_WHAT YOU SHOULD DO_
Lines below that hold the word "work" must be copied in full.

_MATERIAL FOR THIS TASK_
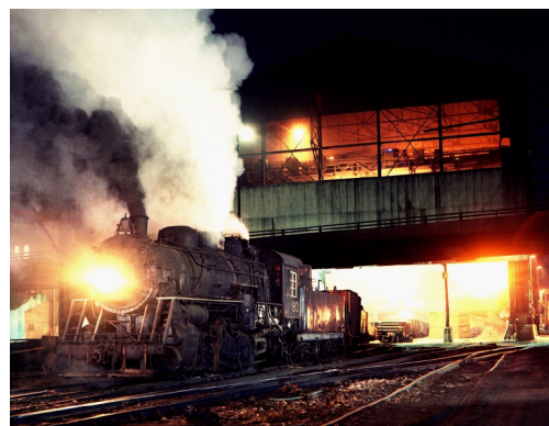
Photo courtesy of en.wikipedia.org/wiki/Northwestern_Steel_and_Wire (1964)

The site of the old Northwestern Steel & Wire Plant, which is relatively flat and measures 730 acres, is located in the Whiteside County of Illinois. The Union Rail Line runs north of the property. Interstate 88 is two miles away from the site, while U.S. Route 30 is to the south of the site. The Rock River borders the south side of the site. The property itself is 110 miles from the city of Chicago.
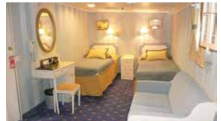
STANDARD STATEROOM PLUS (approx. 14 to 19 square metres)
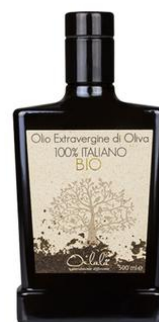
Extra Virgin Olive Oil variety Coratina Organic
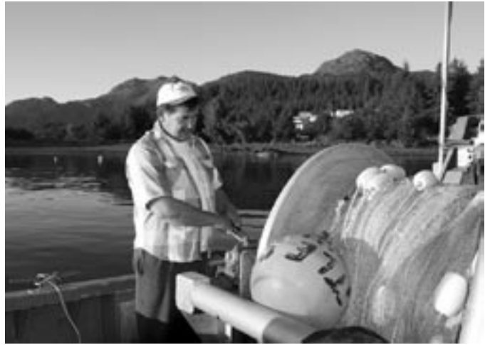
Fishers often work near the coast.

Large fishing vessels that operate in deep water generally have technologically advanced equipment, and some may have facilities on board where the fish are processed and prepared for
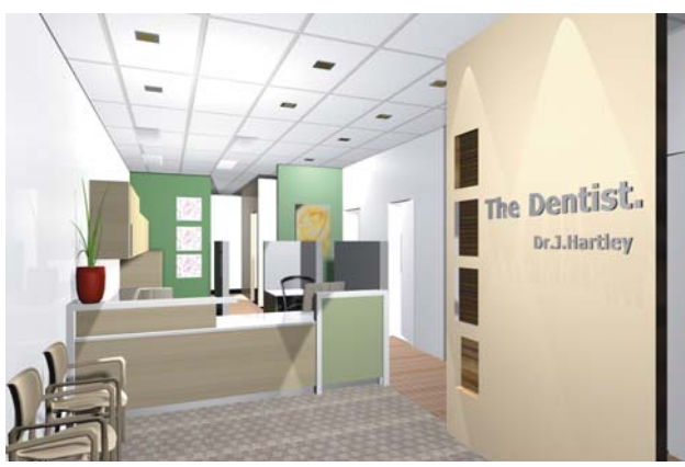
Above: A 3D rendering of the proposed reception area design. Below: Reception area prior to work commencing.
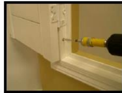
Only secure one screw into the bottom right frame.
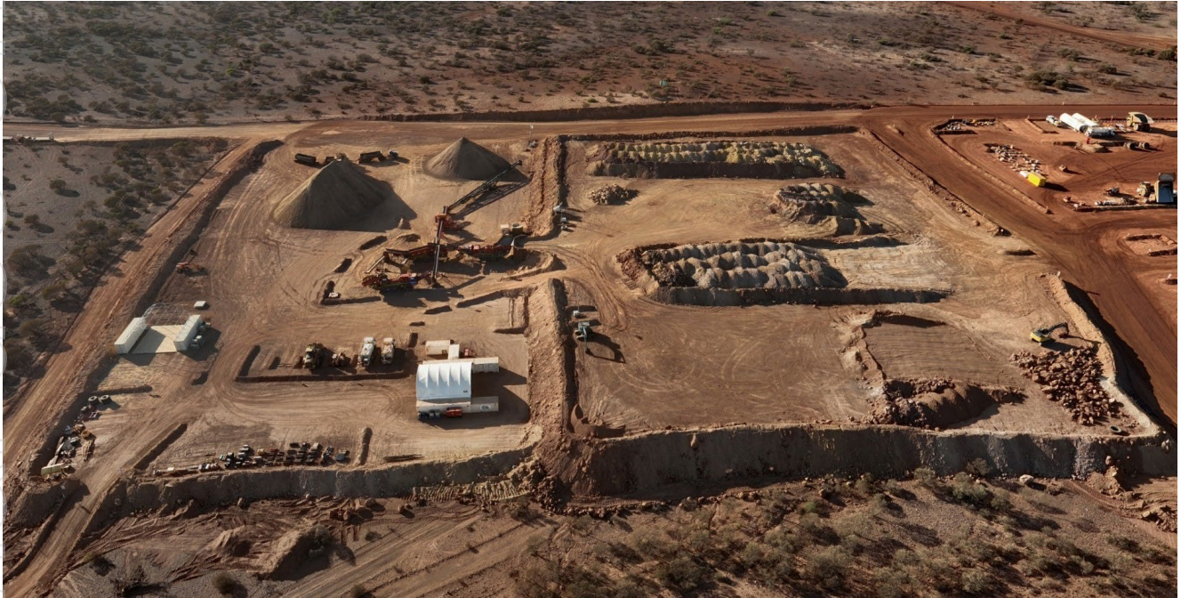
Figure 3: Crown Prince Gold Mine ROM, Crusher and Crushed Ore product stockpile area

Crushing and sampling commenced in August, with collection of the first ore parcel commencing on 7 September 2025 under the Ore Purchase Agreement with Westgold Resources.
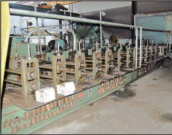
Partial View of 12-Stand Yoder 48" Panel Forming Line

5-Stand Cantilever-Type Roll Former , 1.5" Arbors, approximately 2" vertical adjustment, 6" long arbors
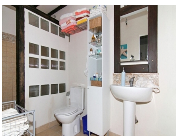
One out of 3 bathrooms

_ANSWER SECTION_
Fishers often work near the coast.
Above: A 3D rendering of the proposed reception area design. Below: Reception area prior to work commencing.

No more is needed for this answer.